| INSTRUCTIONS TO FOLLOW |
Your output should be exactly the lines from the one containing "4.McAleese SM, Dunbar" through the final line of the records, both included, with every picture left out.

[Data items]
-- -- --

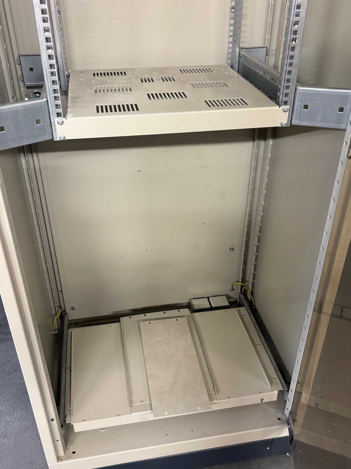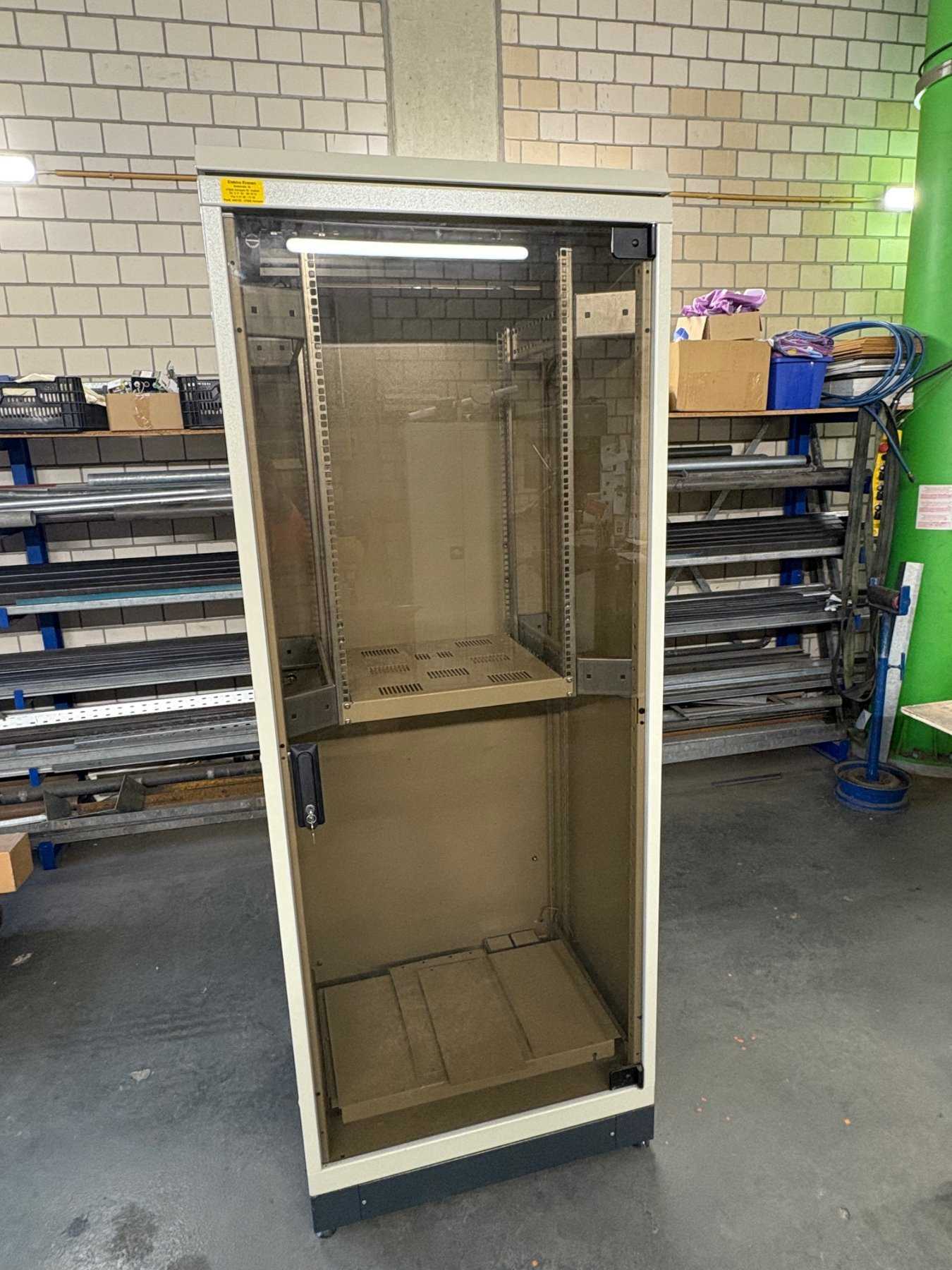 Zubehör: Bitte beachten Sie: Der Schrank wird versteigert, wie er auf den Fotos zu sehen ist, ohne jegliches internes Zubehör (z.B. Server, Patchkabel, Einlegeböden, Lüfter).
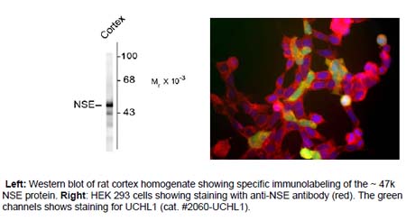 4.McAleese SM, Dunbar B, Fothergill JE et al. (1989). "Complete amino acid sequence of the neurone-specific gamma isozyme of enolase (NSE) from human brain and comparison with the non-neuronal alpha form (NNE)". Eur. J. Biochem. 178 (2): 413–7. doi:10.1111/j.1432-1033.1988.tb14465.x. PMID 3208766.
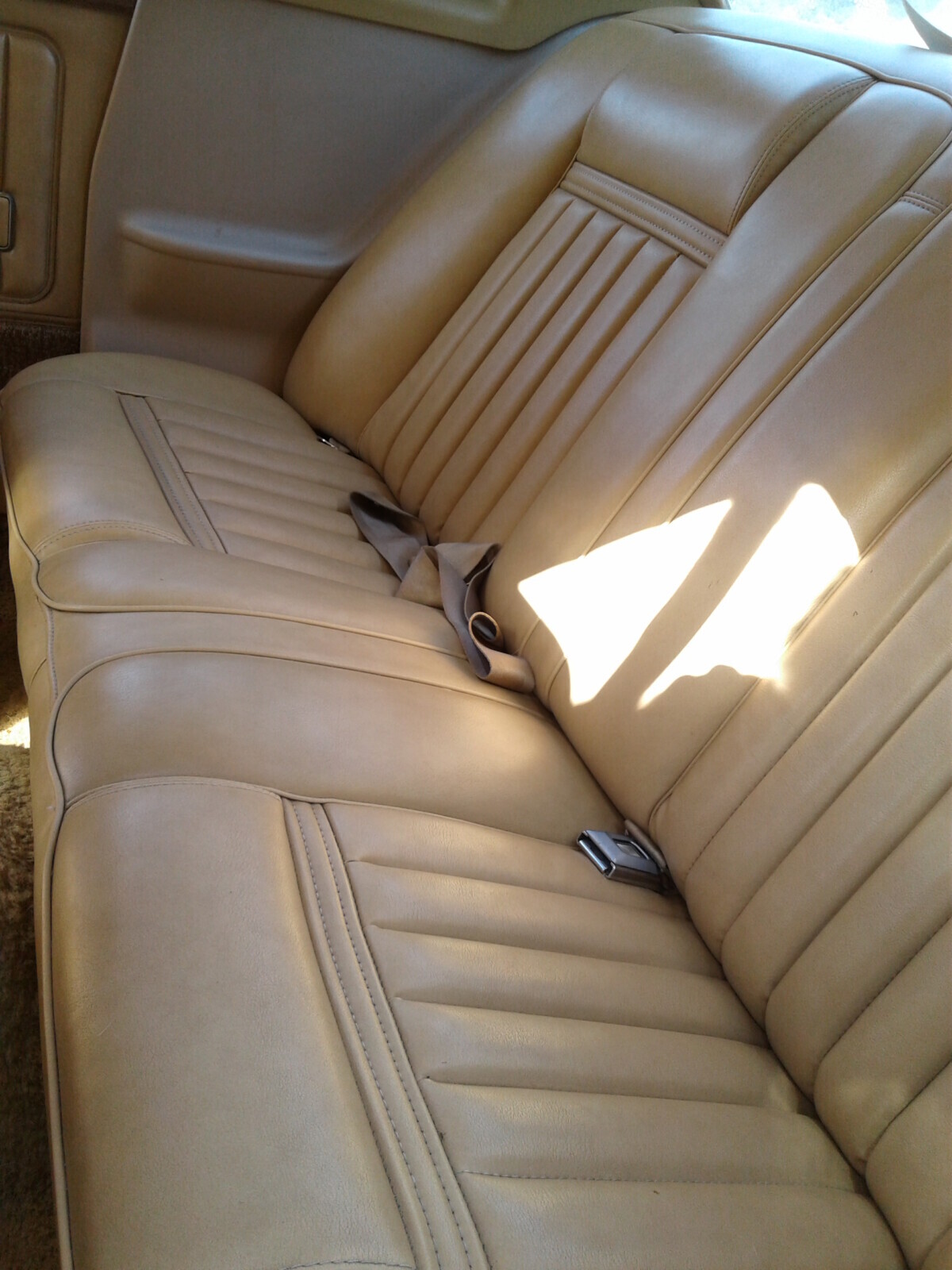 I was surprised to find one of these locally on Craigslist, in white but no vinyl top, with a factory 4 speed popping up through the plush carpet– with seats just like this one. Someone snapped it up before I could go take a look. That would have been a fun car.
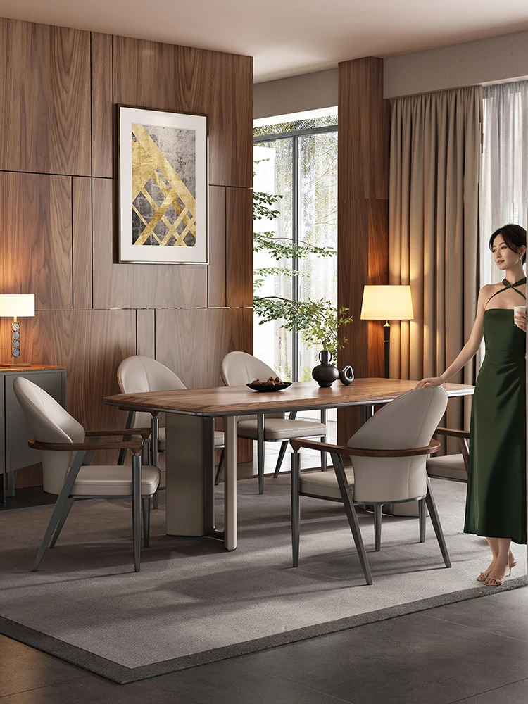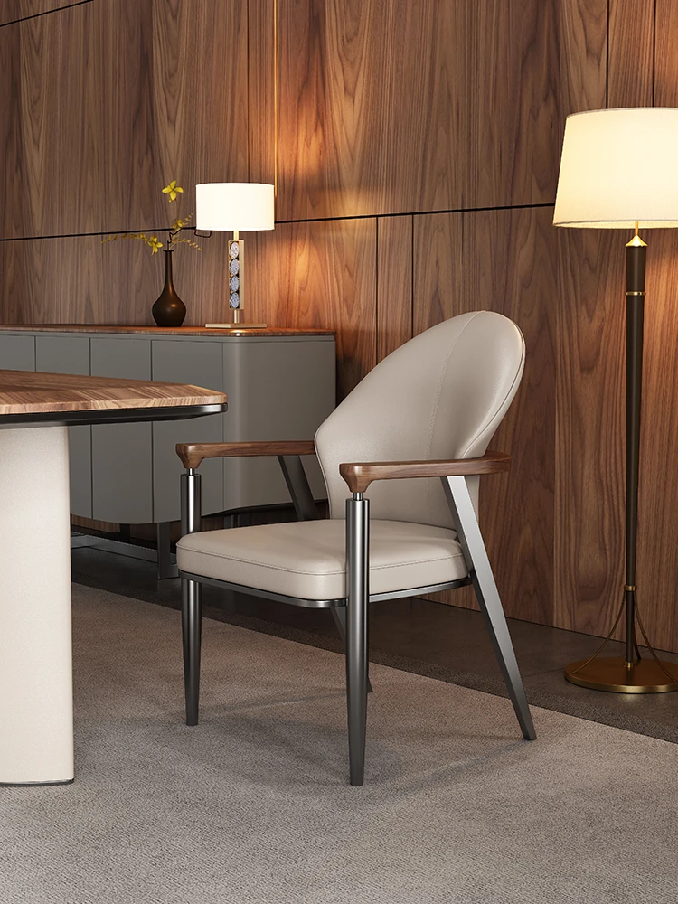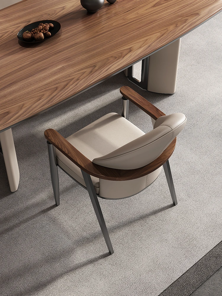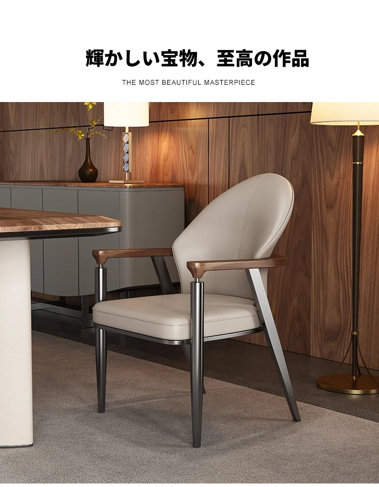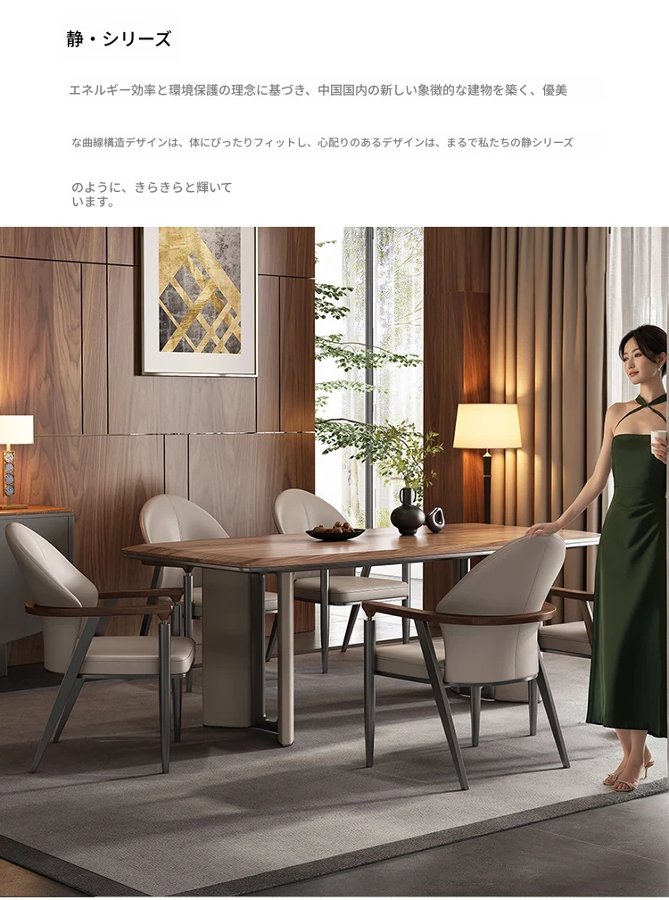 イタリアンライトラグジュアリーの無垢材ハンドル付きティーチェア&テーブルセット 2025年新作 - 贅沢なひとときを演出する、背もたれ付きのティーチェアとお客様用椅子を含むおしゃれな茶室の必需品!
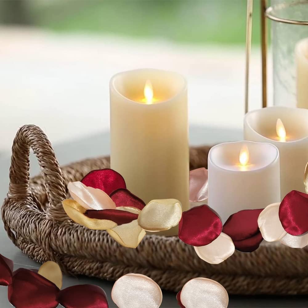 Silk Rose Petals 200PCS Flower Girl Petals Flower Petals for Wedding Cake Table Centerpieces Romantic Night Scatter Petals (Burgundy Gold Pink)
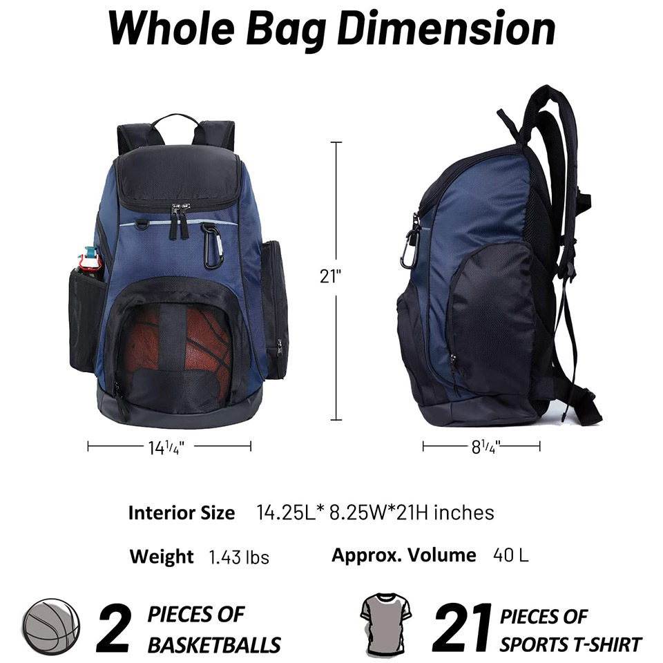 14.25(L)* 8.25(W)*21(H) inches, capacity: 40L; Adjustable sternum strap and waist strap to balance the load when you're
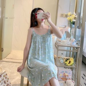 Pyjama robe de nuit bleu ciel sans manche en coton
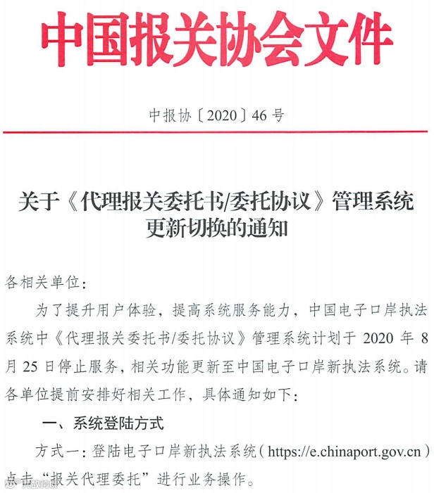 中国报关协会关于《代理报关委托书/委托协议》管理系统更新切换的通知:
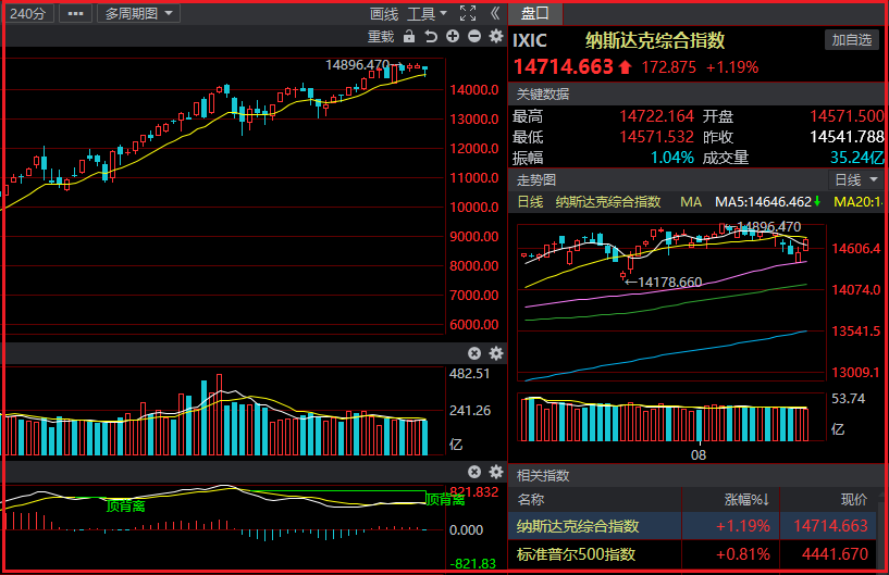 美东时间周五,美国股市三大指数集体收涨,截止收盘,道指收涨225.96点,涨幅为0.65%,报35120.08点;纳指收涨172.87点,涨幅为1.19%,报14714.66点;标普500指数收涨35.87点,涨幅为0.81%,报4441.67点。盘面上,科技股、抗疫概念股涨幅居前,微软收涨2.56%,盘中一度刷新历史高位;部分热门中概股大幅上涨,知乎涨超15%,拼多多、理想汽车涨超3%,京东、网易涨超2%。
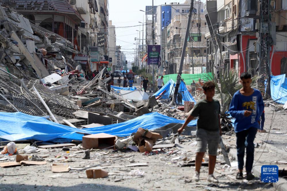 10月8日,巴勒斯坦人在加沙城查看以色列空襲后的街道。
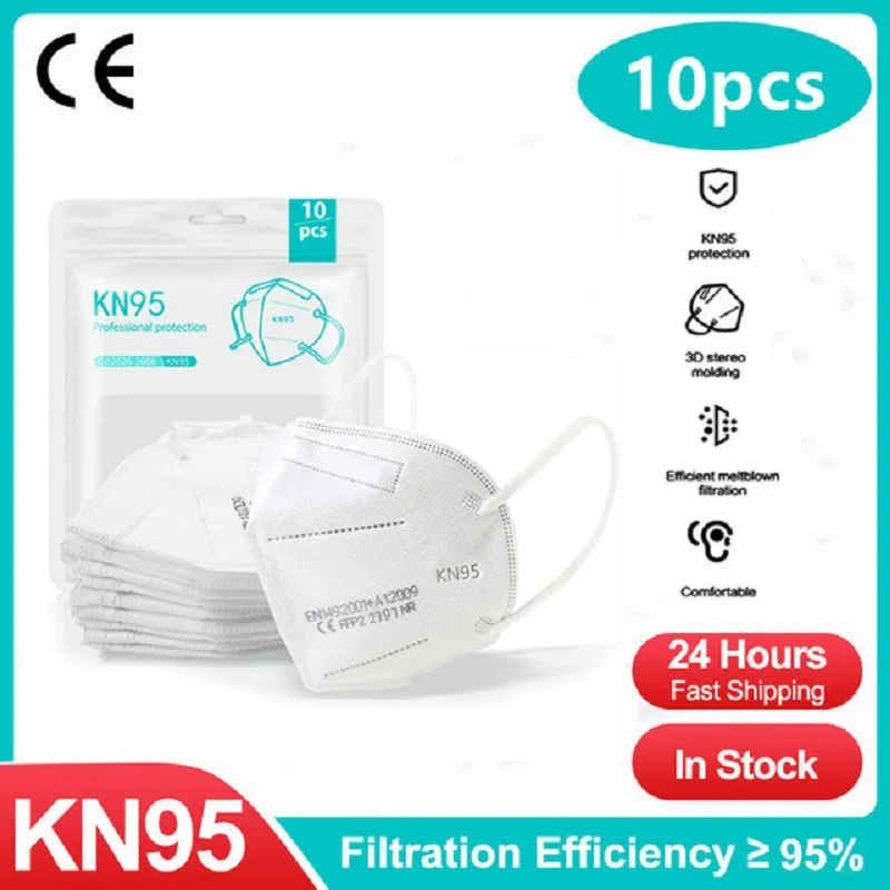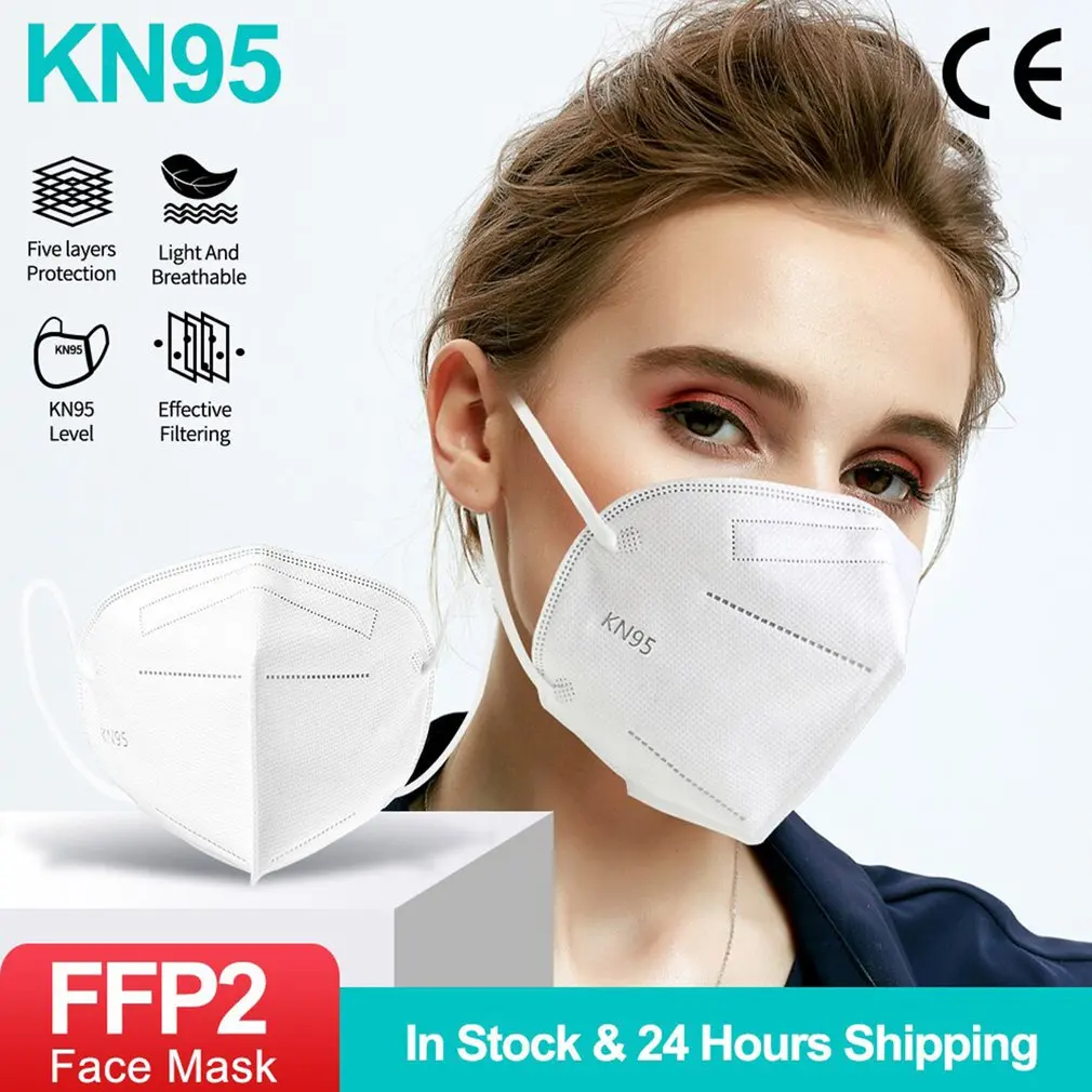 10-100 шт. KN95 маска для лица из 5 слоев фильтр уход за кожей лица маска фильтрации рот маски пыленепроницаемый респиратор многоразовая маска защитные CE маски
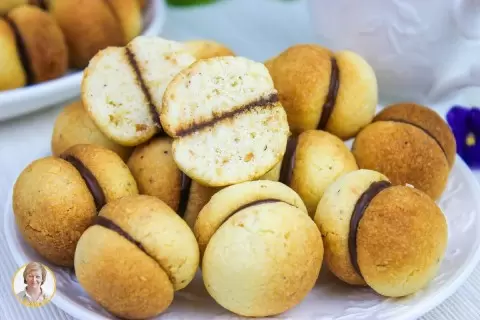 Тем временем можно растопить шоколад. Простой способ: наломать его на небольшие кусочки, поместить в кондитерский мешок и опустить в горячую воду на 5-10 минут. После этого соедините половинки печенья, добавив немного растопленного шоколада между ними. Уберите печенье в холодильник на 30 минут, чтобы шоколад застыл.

-- -- --

| WRITTEN RESPONSE |
 4.McAleese SM, Dunbar B, Fothergill JE et al. (1989). "Complete amino acid sequence of the neurone-specific gamma isozyme of enolase (NSE) from human brain and comparison with the non-neuronal alpha form (NNE)". Eur. J. Biochem. 178 (2): 413–7. doi:10.1111/j.1432-1033.1988.tb14465.x. PMID 3208766.
 I was surprised to find one of these locally on Craigslist, in white but no vinyl top, with a factory 4 speed popping up through the plush carpet– with seats just like this one. Someone snapped it up before I could go take a look. That would have been a fun car.
 イタリアンライトラグジュアリーの無垢材ハンドル付きティーチェア&テーブルセット 2025年新作 - 贅沢なひとときを演出する、背もたれ付きのティーチェアとお客様用椅子を含むおしゃれな茶室の必需品!
 Silk Rose Petals 200PCS Flower Girl Petals Flower Petals for Wedding Cake Table Centerpieces Romantic Night Scatter Petals (Burgundy Gold Pink)
 14.25(L)* 8.25(W)*21(H) inches, capacity: 40L; Adjustable sternum strap and waist strap to balance the load when you're
 Pyjama robe de nuit bleu ciel sans manche en coton
 中国报关协会关于《代理报关委托书/委托协议》管理系统更新切换的通知:
 美东时间周五,美国股市三大指数集体收涨,截止收盘,道指收涨225.96点,涨幅为0.65%,报35120.08点;纳指收涨172.87点,涨幅为1.19%,报14714.66点;标普500指数收涨35.87点,涨幅为0.81%,报4441.67点。盘面上,科技股、抗疫概念股涨幅居前,微软收涨2.56%,盘中一度刷新历史高位;部分热门中概股大幅上涨,知乎涨超15%,拼多多、理想汽车涨超3%,京东、网易涨超2%。
 10月8日,巴勒斯坦人在加沙城查看以色列空襲后的街道。
 10-100 шт. KN95 маска для лица из 5 слоев фильтр уход за кожей лица маска фильтрации рот маски пыленепроницаемый респиратор многоразовая маска защитные CE маски
 Тем временем можно растопить шоколад. Простой способ: наломать его на небольшие кусочки, поместить в кондитерский мешок и опустить в горячую воду на 5-10 минут. После этого соедините половинки печенья, добавив немного растопленного шоколада между ними. Уберите печенье в холодильник на 30 минут, чтобы шоколад застыл.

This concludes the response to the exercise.